Three straight lefty relievers followed Sanchez. One was a starter, Madison Bumgarner. The first righty out of the bullpen? None other than another starter, the Giants’ ace Tim Lincecum.

When Lincecum faltered, Bochy turned to closer Brian Wilson for a five-out save, ignoring his entire right-handed setup corps.

“We get a diversity of contributions from everybody,” Bochy said afterward. “Cody Ross, sure, he got the MVP. But it’s not a team with one star or one guy carrying it.

“We use most of our club every night through double switches things like that. You hate the cliché, but it really did take 25 guys to do this.”

As opposed to the Giants in the Bonds years, when players such as Jeff Kent and Jason Schmidt made significant contributions, but the team largely revolved around you-know-who.

This is not to pass judgment on Bonds or even what the Giants tried to accomplish when he was their centerpiece. Bonds was the best player in the game. General manager Brian Sabean had little choice but to try to max out around him.

This team, truth be told, is not a textbook example of how to build a championship club, either. Barry Zito, a $126 million pitcher, can’t even crack the playoff roster. Aaron Rowand, a $60 million outfielder, is merely a reserve.

Still, the Giants’ top four starting pitchers – Lincecum, Matt Cain, Sanchez and Bumgarner – are homegrown. So is the catcher, Buster Posey. And Wilson, the delightfully wacky closer

The Giants nailed four of their recent first-round picks — Cain in 2002, Lincecum in ’06, Bumgarner in ’07 and Posey in ’08. People constantly talk about payroll, and the Giants’ $98.6 million Opening Day figured ninth in the majors. The draft, though, can make or break a franchise.

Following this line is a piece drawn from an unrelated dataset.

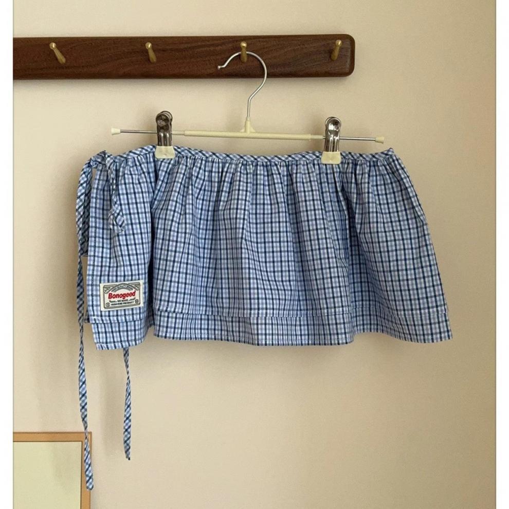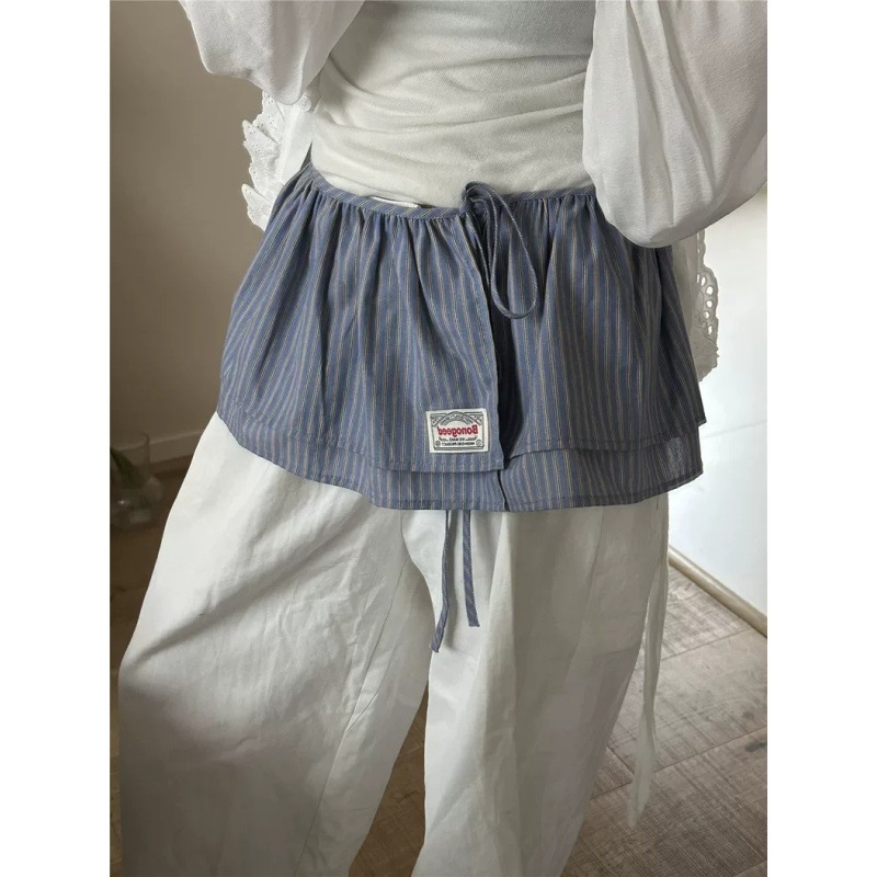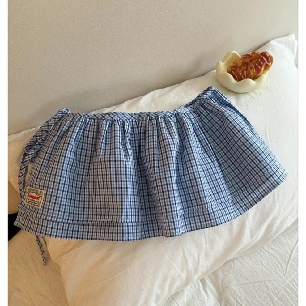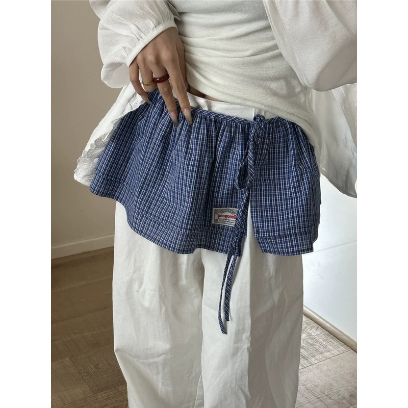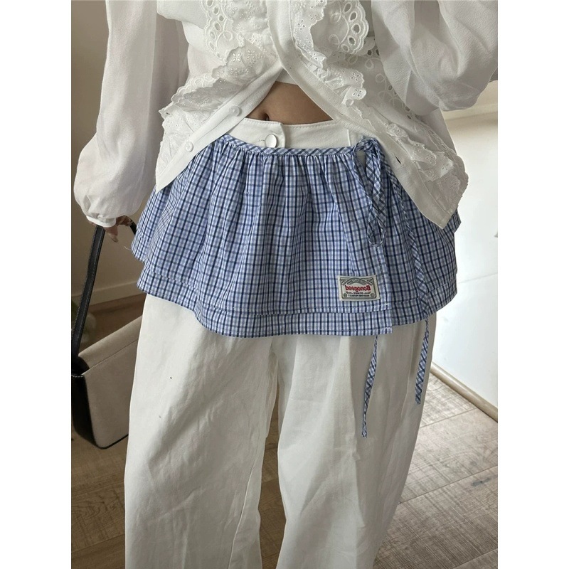 어린이 2025 봄 새로운 스타일 블루 격자 무늬 레이스 업 엉덩이 커튼 소녀 한국 복고풍 다목적 장식 하프 길이스토어 가기

The Pirates, for example, had a chance to draft each of those Giants first-rounders, yet made other choices instead. And unless third baseman Pedro Alvarez proves a better player than Posey — don’t hold your breath — each of the Pirates’ choices will turn out to be inferior.

“You watch ‘em grow in front of your eyes as they come through the minor leagues,” Sabean said. “That’s the art within the game itself, to try to have some players through player development and scouting, get them coming up at the right time. To think, they contributed so much to our success is amazing.”

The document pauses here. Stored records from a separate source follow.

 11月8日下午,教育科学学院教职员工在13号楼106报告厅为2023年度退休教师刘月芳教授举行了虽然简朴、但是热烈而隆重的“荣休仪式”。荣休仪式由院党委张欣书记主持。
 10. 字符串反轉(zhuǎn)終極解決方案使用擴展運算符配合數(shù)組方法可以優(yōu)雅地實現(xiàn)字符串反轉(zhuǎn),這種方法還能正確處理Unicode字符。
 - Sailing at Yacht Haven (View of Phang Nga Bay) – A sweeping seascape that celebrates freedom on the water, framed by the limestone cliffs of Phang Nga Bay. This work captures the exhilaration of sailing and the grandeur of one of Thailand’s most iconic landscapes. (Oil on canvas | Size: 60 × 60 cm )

The Giants, though, are so much more than their homegrown core. Their loose, rollicking vibe emanates from their veteran discards. Aubrey Huff, a $3 million free agent. Juan Uribe, a $3.25 million free agent. Ross, claimed on waivers partly so he wouldn’t go to the Padres. Pat Burrell, a released player who had to go to the minors to prove he could still play outfield.

A lot of us screamed last offseason for Sabean to add a big free-agent hitter such as Matt Holliday or Jason Bay. Instead, Sabean worked around the edges, signing Mark DeRosa, who got injured, re-signing Uribe and catcher Bengie Molina, taking a shot on Huff.

Sabean also passed on hitters at the July 31 non-waiver deadline, acquiring relievers Javier Lopez and Ramon Ramirez instead. But the promotion of Posey on May 29 already had transformed the offense, or at least what the Giants call offense. Sabean kept adding bit pieces — Burrell, Ross, Mike Fontenot, even Jose Guillen. Bochy kept mixing and matching. And the team kept evolving.

Broadcaster Duane Kuiper coined the phrase, “Giants Baseball: Torture,” a reference to the team’s penchant for low-scoring, nail-biting games. On FOX’s postgame show, I asked Huff, “Is this heaven? Or is it torture?” He responded, “Right now it’s heaven, but it was torture ‘til that final strike. We always make it hard on ourselves.”

True enough, but as one Phillies official said, “They know how to play tight games and they did it well.” Seven of the Giants’ 10 postseason games have been decided by one run. The Giants are 6-1 in those games.

More torture coming. The most blissful kind.